This study investigates the impact of depth on the expressive power of recurrent neural networks (RNNs), with a focus on its relationship to memory capacity and the complexity of input transformations. Through theoretical analysis and empirical validation, the work formally establishes—for the first time—that increasing network depth efficiently enhances the memory capacity of RNNs. The analysis is further extended to second-order RNNs (2RNNs), revealing that multiplicative interactions between hidden states and inputs endow deep 2RNNs with polynomially growing transformation capabilities that cannot be replicated by stacking layers with standard nonlinear activations alone. Experiments on both synthetic and real-world tasks demonstrate the pronounced advantage of deep RNNs and 2RNNs in modeling high-order temporal dependencies.
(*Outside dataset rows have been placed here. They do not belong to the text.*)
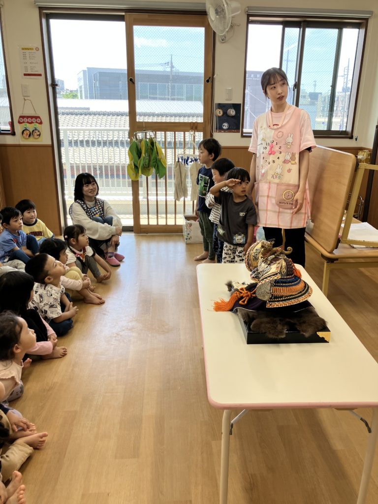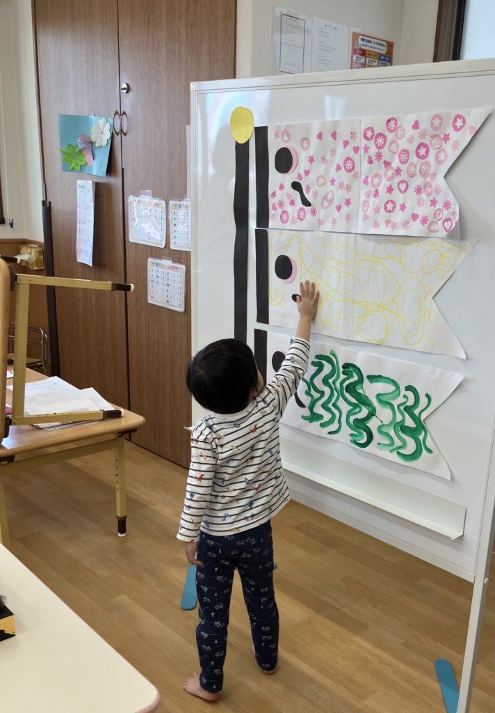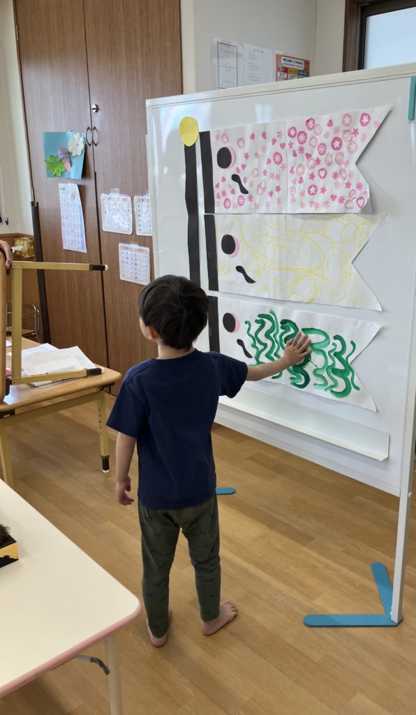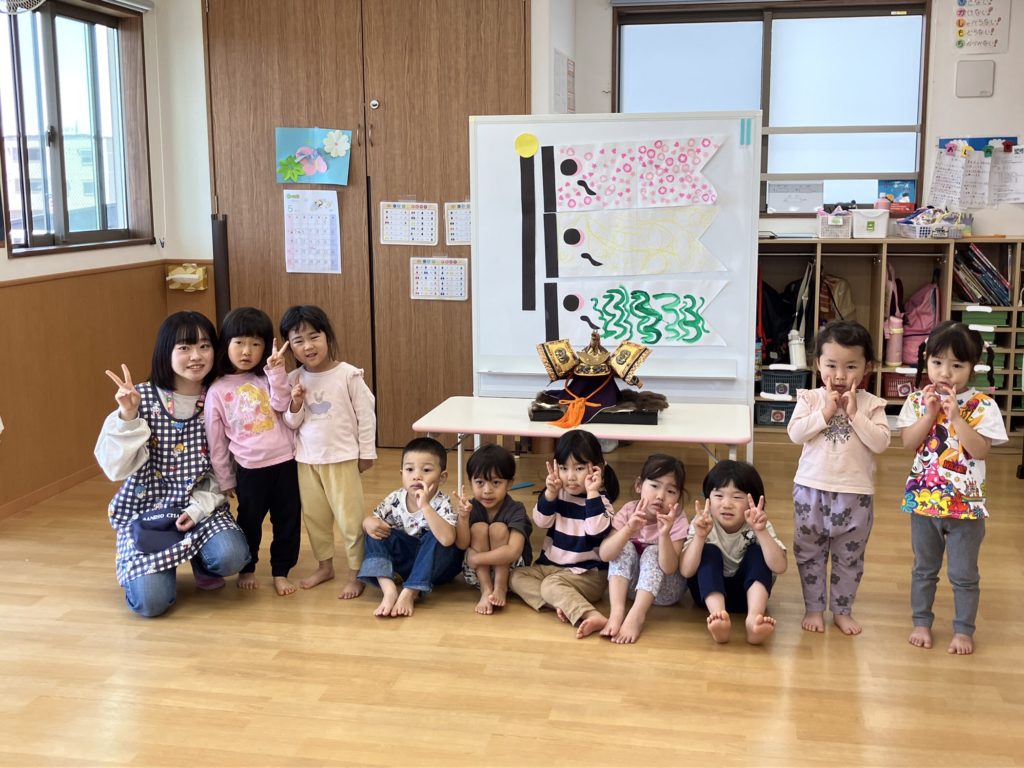 まず初めに「子どもの日」について説明をし、なぜ鯉のぼりを飾るのか等、皆で日本の文化について触れました♪
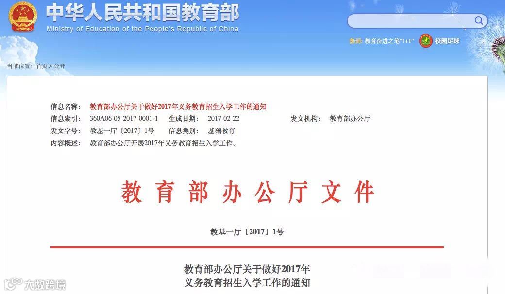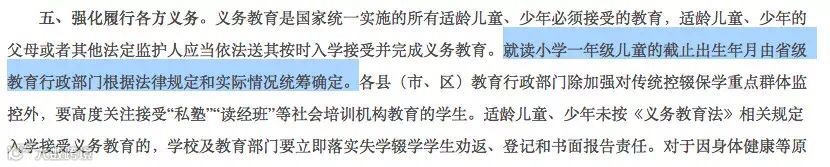 它来自教育部办公厅印发的《关于做好2017年义务教育招生入学工作的通知》,明确提到:就读小学一年级儿童的截止出生年月由省级教育行政部门根据法律规定和实际情况统筹确定。
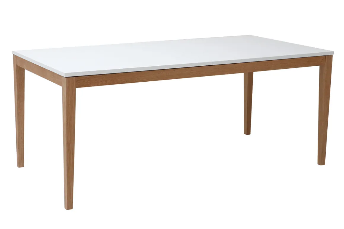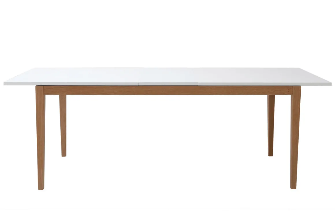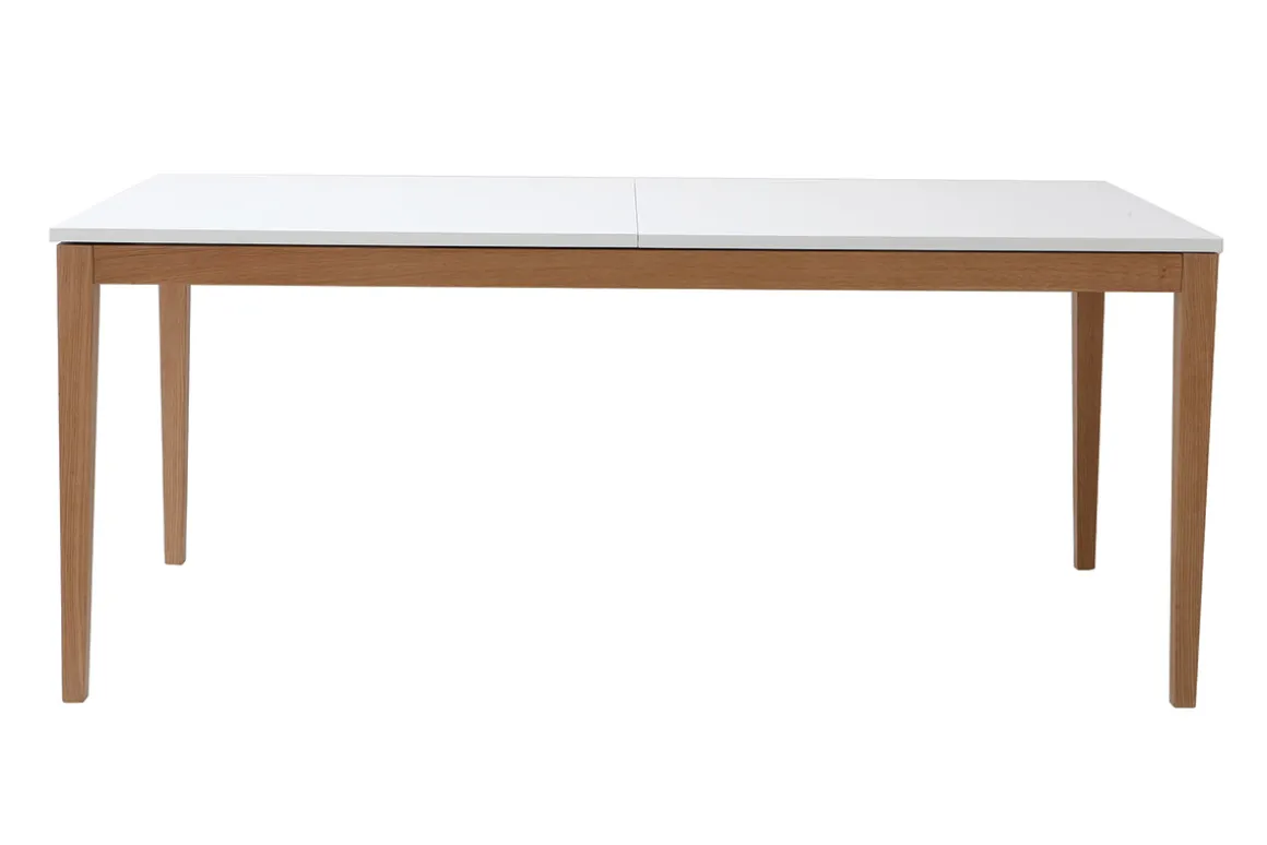 La table à manger scandinave extensible blanche pieds bois 180-260 cm DELAH, l’idéal pour les repas en nombre !

The benefits of depth in feedforward neural networks are well known: composing multiple layers of linear transformations with nonlinear activations enables complex computations. While similar effects are expected in recurrent neural networks (RNNs), it remains unclear how depth interacts with recurrence to shape expressive power. Here, we formally show that depth increases RNNs' memory capacity efficiently with respect to the number of parameters, thus enhancing expressivity both by enabling more complex input transformations and improving the retention of past information. We broaden our analysis to 2RNNs, a generalization of RNNs with multiplicative interactions between inputs and hidden states. Unlike RNNs, which remain linear without nonlinear activations, 2RNNs perform polynomial transformations whose maximal degree grows with depth. We further show that multiplicative interactions cannot, in general, be replaced by layerwise nonlinearities. Finally, we validate these insights empirically on synthetic and real-world tasks.